Hacker News new | ask | show | jobs
by taroth 606 days ago
Great idea Kyle! I read through the source code as an experienced desktop automation/Electron developer and felt good about trying it for some basic tasks.

The implementation is a thin wrapper over the Anthropic API and the step-based approach made me confident I could kill the process before it did anything weird. Closed anything I didn't want Anthropic seeing in a screenshot. Installed smoothly on my M1 and was running in minutes.

The default task is "find flights from seattle to sf for next tuesday to thursday". I let it run with my Anthropic API key and it used chrome. Takes a few seconds per action step. It correctly opened up google flights, but booked the wrong dates!

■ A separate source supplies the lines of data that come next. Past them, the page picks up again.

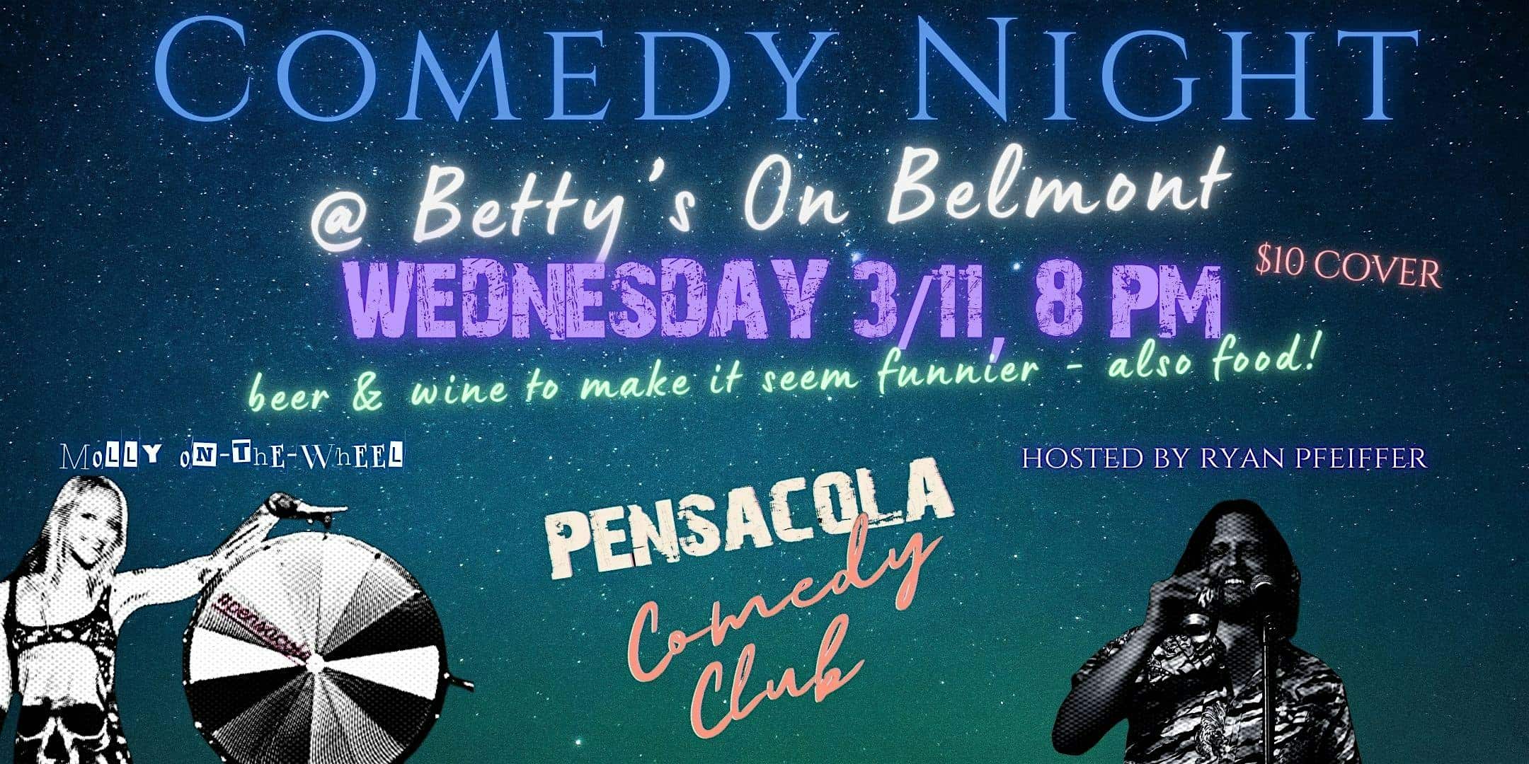 by admin14Feb Stand-Up Comedy Night at Betty’s On Belmont Hosted by Ryan Pfeiffer at 506 W Belmont St – Pensacola, FL Stand-Up Comedy Night at Betty’s On Belmont Hosted by Ryan Pfeiffer at 506 W Belmont St – Pensacola, FL 3 3 people viewed this event. Comedian Ryan Pfeiffer hosts a stand-up comedy showcase at a beautiful venue in historic downtown Pensacola – beer, wine & delicious food! Tickets-RSVP Link Date And Time Thursday, March 12th, 2026 01:00 AM (PST) Venue 506 W Belmont St Location 506 West Belmont Street, Pensacola, FL 32501 Event Types Concert or PerformancePerforming & Visual Arts Event Category FloridaPensacola Share With Friends Facebook Twitter Linkedin Xing Pinterest Share This Post: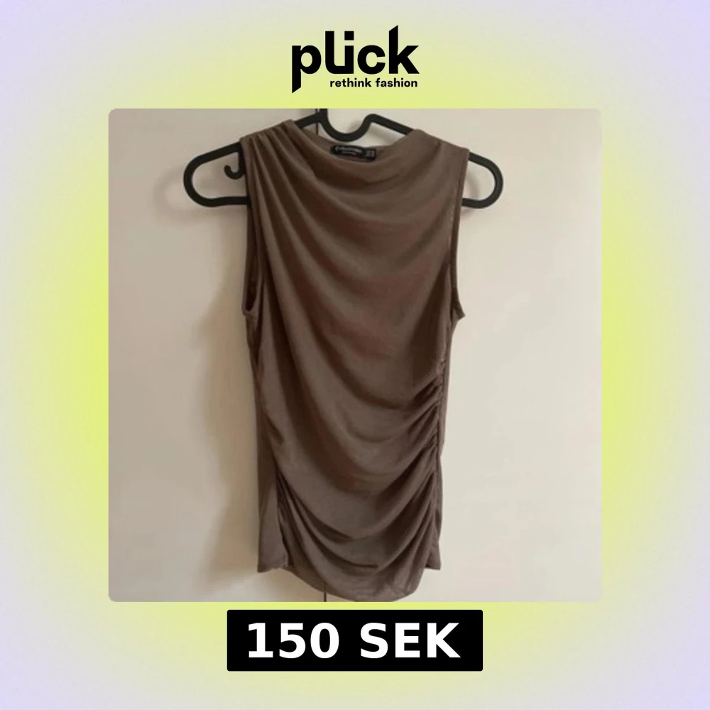 Säljer en brun ärmlös topp från Stradivarius med snygg drapering på sidan. Toppen har en hög hals och är tillverkad i ett mjukt, stretchigt material som sitter tight på kroppen. Funkar som xs/s
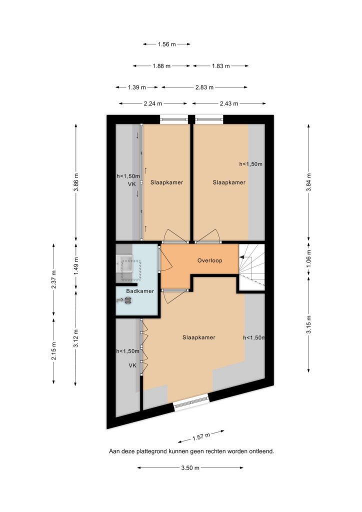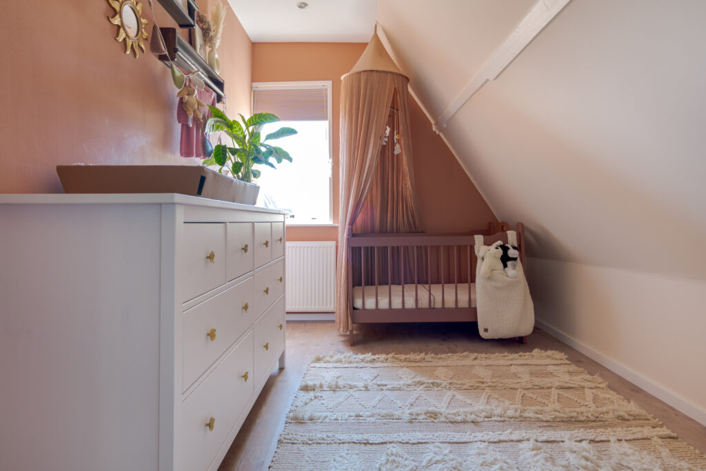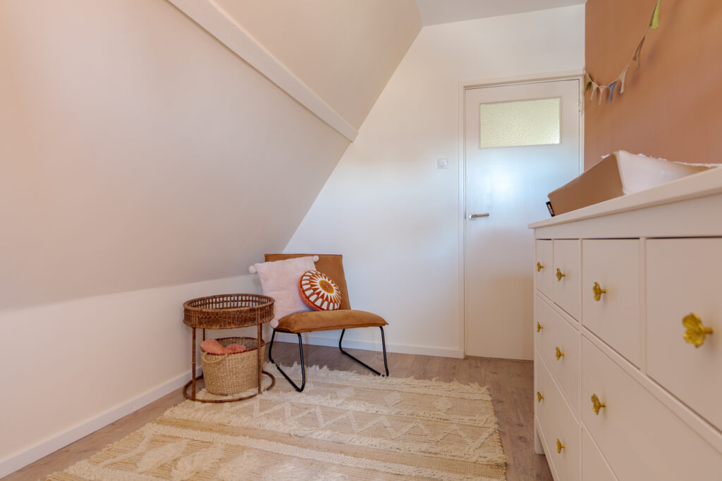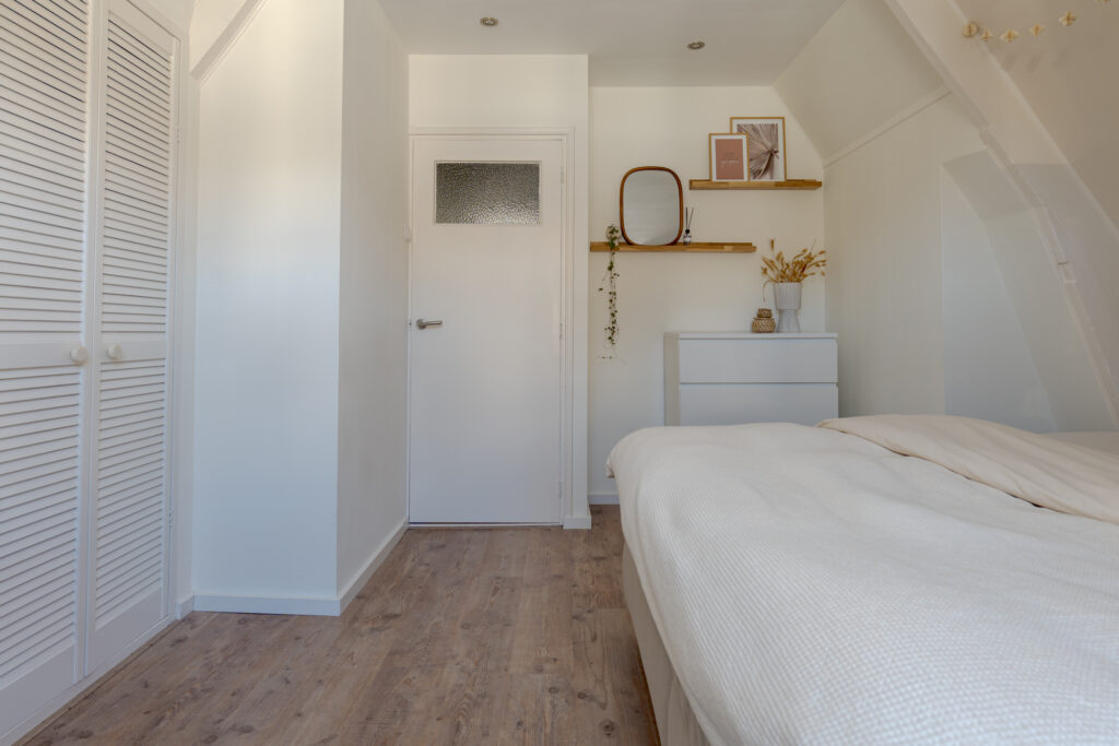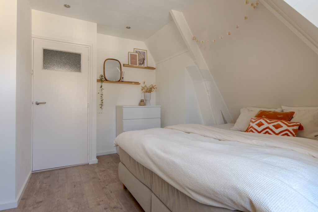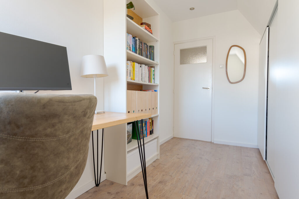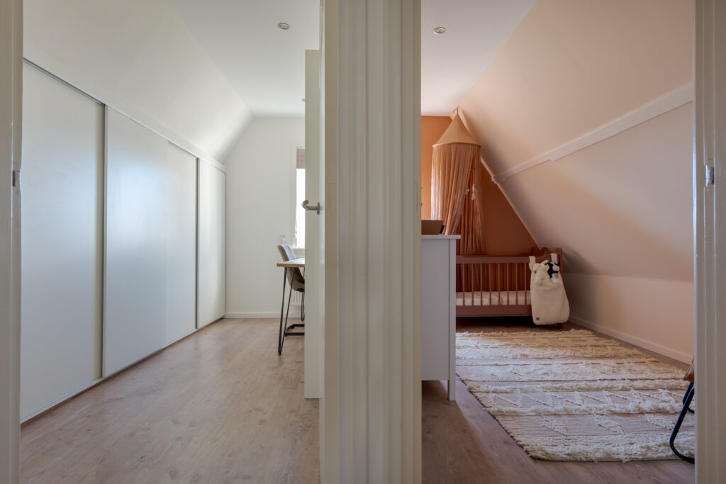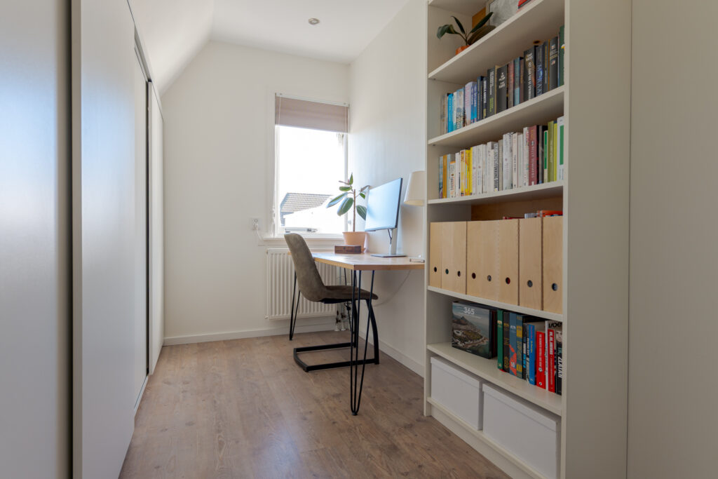 Op de eerste verdieping vindt u drie slaapkamers. De hoofdslaapkamer aan de voorzijde beschikt over vaste kasten en een dakkapel, wat deze kamer extra sfeer en ruimte geeft. Aan de achterzijde liggen nog twee kamers, waarvan één momenteel in gebruik is als kantoor met een lange vaste kastenwand. Ook is er nog een kleine bergruimte/vliering aanwezig.

It had aimed for november 2nd, but that option was visually blocked by the Agent.exe window itself, so it chose november 20th instead. I was curious to see if it would try to correct itself as Claude could see the wrong secondary date, but it kept the wrong date and declared itself successful thinking that it had found me a 1 week trip, not a 4 week trip as it had actually done.

The exercise cost $0.38 in credits and about 20 seconds. Will continue to experiment

6 comments

> The exercise cost $0.38 in credits and about 20 seconds

I am intrigued by a future where I can burn seventy dollars per hour watching my cursor click buttons on the computer that I own

Amazingly my employer continues to pay me hundreds of dollars an hour to search Kagi and type on a computer they paid for and own!
And to think they could be paying you to supervise the buttons clicking themselves instead! The past where the lack of a human meant a lack of input is over, all hail the future where a lack of a human could mean wasteful and counterproductive input instead
What I'm hearing is that now they can fire my manager
i think you’d get fired and your boss will be demoted to your position.
a smart take
You wouldn’t sit there watching your paid human assistant work would you? So why would you sit watching your paid AI assistant?

I think the general idea is that you’re off doing something more productive, more relaxing or more profitable!

> why would you sit watching your paid AI assistant?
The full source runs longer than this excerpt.